Listed entries START

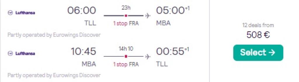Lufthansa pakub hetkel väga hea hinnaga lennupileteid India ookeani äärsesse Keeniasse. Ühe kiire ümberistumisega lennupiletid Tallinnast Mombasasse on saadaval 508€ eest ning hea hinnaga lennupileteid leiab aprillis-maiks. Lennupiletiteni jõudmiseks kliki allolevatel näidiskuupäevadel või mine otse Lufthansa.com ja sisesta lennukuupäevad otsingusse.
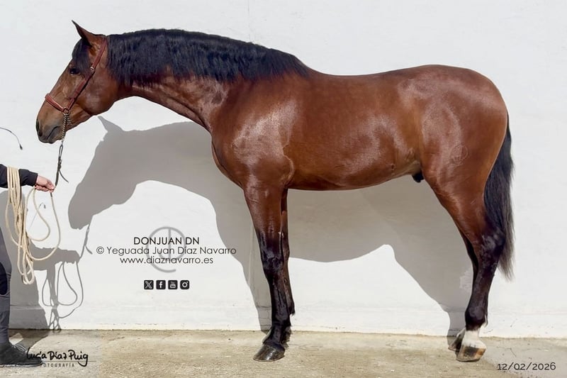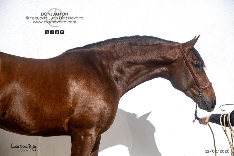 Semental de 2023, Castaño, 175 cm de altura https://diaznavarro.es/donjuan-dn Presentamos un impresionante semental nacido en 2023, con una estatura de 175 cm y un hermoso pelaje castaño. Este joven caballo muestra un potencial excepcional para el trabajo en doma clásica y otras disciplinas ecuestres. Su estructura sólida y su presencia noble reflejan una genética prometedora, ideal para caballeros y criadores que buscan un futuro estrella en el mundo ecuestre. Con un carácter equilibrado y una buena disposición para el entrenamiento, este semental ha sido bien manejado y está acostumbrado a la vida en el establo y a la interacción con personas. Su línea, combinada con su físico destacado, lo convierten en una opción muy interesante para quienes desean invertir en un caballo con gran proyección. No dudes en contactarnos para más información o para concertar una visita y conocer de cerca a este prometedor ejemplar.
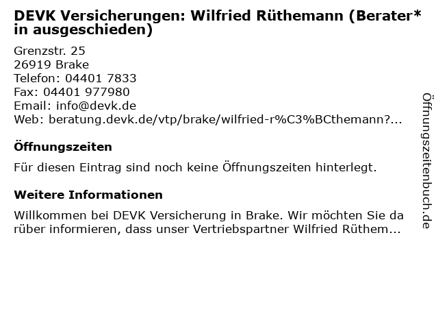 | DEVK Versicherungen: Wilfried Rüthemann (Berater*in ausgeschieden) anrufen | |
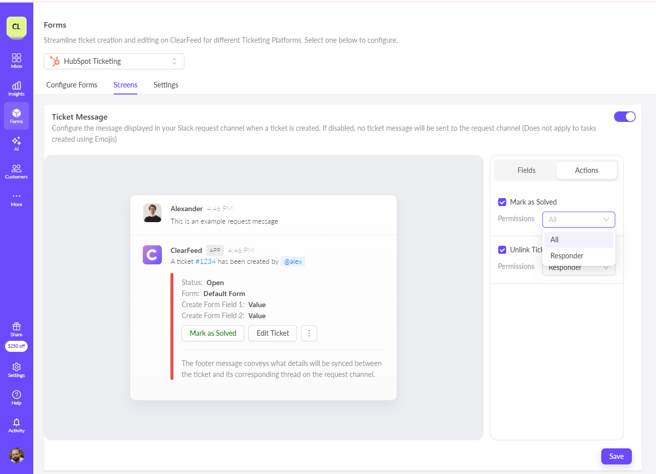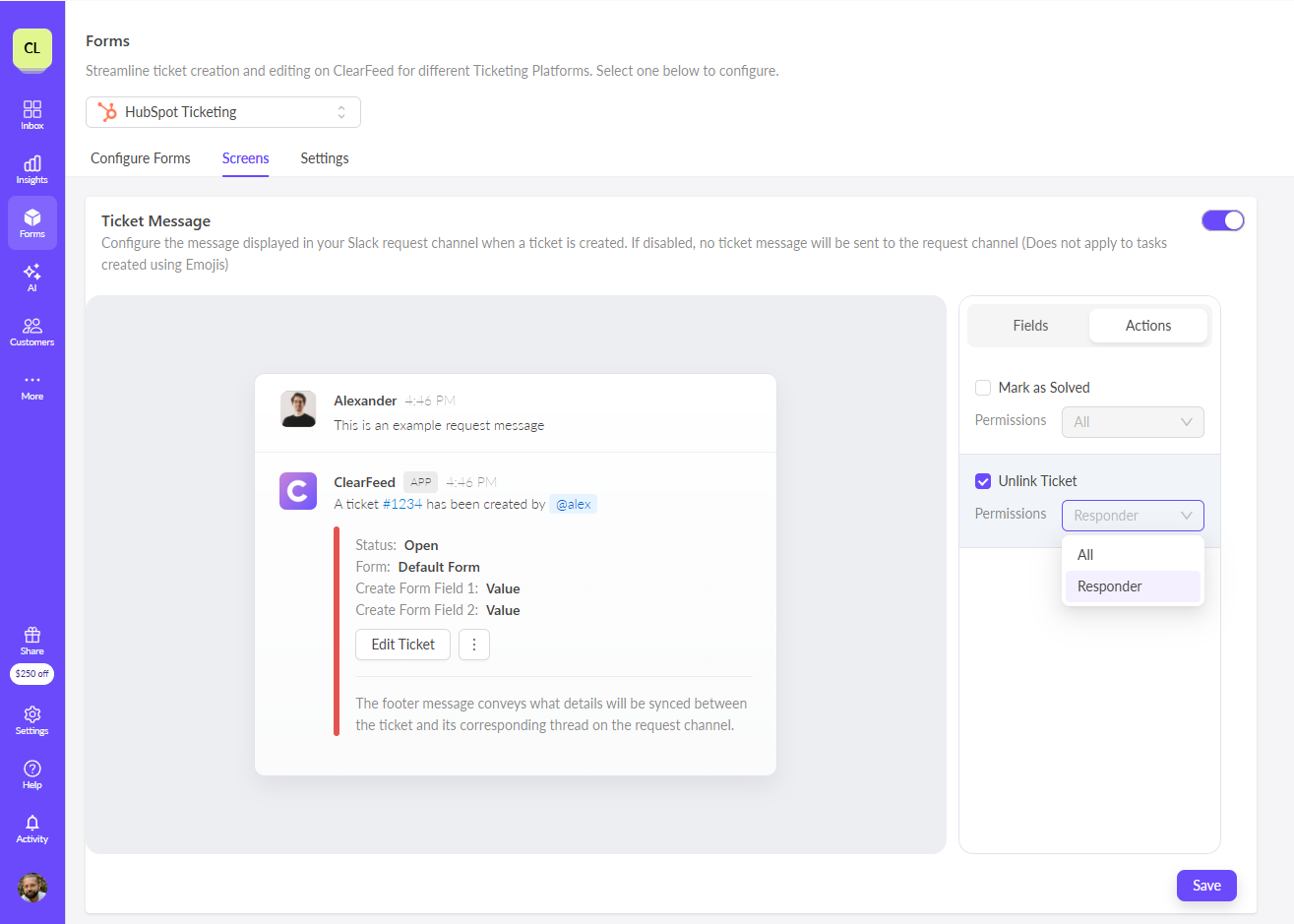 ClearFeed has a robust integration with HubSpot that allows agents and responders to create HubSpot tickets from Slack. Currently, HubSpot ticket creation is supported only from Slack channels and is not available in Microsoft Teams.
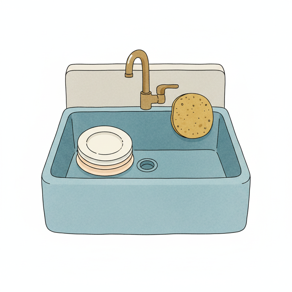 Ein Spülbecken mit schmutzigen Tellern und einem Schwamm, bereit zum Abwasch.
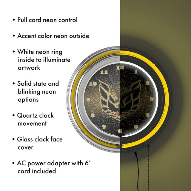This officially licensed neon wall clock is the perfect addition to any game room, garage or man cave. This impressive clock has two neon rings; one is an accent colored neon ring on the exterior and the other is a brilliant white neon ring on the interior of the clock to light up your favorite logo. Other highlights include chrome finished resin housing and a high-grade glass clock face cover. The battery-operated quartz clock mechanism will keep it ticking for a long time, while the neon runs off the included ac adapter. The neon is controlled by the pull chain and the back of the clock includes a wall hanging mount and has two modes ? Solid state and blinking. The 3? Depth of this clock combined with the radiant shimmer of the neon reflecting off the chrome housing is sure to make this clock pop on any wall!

Listed entries END

▶ [What you should do]: Retype the records verbatim, excluding each image they hold.

▶ [Exercise solution]:
Lufthansa pakub hetkel väga hea hinnaga lennupileteid India ookeani äärsesse Keeniasse. Ühe kiire ümberistumisega lennupiletid Tallinnast Mombasasse on saadaval 508€ eest ning hea hinnaga lennupileteid leiab aprillis-maiks. Lennupiletiteni jõudmiseks kliki allolevatel näidiskuupäevadel või mine otse Lufthansa.com ja sisesta lennukuupäevad otsingusse.
 Semental de 2023, Castaño, 175 cm de altura https://diaznavarro.es/donjuan-dn Presentamos un impresionante semental nacido en 2023, con una estatura de 175 cm y un hermoso pelaje castaño. Este joven caballo muestra un potencial excepcional para el trabajo en doma clásica y otras disciplinas ecuestres. Su estructura sólida y su presencia noble reflejan una genética prometedora, ideal para caballeros y criadores que buscan un futuro estrella en el mundo ecuestre. Con un carácter equilibrado y una buena disposición para el entrenamiento, este semental ha sido bien manejado y está acostumbrado a la vida en el establo y a la interacción con personas. Su línea, combinada con su físico destacado, lo convierten en una opción muy interesante para quienes desean invertir en un caballo con gran proyección. No dudes en contactarnos para más información o para concertar una visita y conocer de cerca a este prometedor ejemplar.
 | DEVK Versicherungen: Wilfried Rüthemann (Berater*in ausgeschieden) anrufen | |
 ClearFeed has a robust integration with HubSpot that allows agents and responders to create HubSpot tickets from Slack. Currently, HubSpot ticket creation is supported only from Slack channels and is not available in Microsoft Teams.
 Ein Spülbecken mit schmutzigen Tellern und einem Schwamm, bereit zum Abwasch.
This officially licensed neon wall clock is the perfect addition to any game room, garage or man cave. This impressive clock has two neon rings; one is an accent colored neon ring on the exterior and the other is a brilliant white neon ring on the interior of the clock to light up your favorite logo. Other highlights include chrome finished resin housing and a high-grade glass clock face cover. The battery-operated quartz clock mechanism will keep it ticking for a long time, while the neon runs off the included ac adapter. The neon is controlled by the pull chain and the back of the clock includes a wall hanging mount and has two modes ? Solid state and blinking. The 3? Depth of this clock combined with the radiant shimmer of the neon reflecting off the chrome housing is sure to make this clock pop on any wall!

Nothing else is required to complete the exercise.